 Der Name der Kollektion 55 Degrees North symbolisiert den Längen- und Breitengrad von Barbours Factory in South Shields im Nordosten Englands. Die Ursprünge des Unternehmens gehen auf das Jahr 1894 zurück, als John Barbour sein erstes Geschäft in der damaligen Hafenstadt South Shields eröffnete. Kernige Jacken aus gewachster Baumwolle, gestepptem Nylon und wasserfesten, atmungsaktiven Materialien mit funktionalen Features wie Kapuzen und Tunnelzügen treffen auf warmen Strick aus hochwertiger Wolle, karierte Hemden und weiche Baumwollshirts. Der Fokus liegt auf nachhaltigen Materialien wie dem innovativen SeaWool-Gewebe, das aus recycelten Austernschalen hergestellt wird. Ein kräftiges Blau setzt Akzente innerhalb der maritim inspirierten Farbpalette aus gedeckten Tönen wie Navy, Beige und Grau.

----

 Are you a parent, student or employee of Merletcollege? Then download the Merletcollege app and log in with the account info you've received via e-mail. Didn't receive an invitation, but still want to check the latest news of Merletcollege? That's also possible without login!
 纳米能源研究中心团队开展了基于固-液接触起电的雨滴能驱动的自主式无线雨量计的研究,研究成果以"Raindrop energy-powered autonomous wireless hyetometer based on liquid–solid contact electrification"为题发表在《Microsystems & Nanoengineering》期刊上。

----

## YOUR GOAL
Take exactly the lines from the one containing "Are you a parent, student" through the one containing "energy-powered autonomous wireless" in the data above, and output them with nothing added.

## COMPLETED TASK
 Are you a parent, student or employee of Merletcollege? Then download the Merletcollege app and log in with the account info you've received via e-mail. Didn't receive an invitation, but still want to check the latest news of Merletcollege? That's also possible without login!
 纳米能源研究中心团队开展了基于固-液接触起电的雨滴能驱动的自主式无线雨量计的研究,研究成果以"Raindrop energy-powered autonomous wireless hyetometer based on liquid–solid contact electrification"为题发表在《Microsystems & Nanoengineering》期刊上。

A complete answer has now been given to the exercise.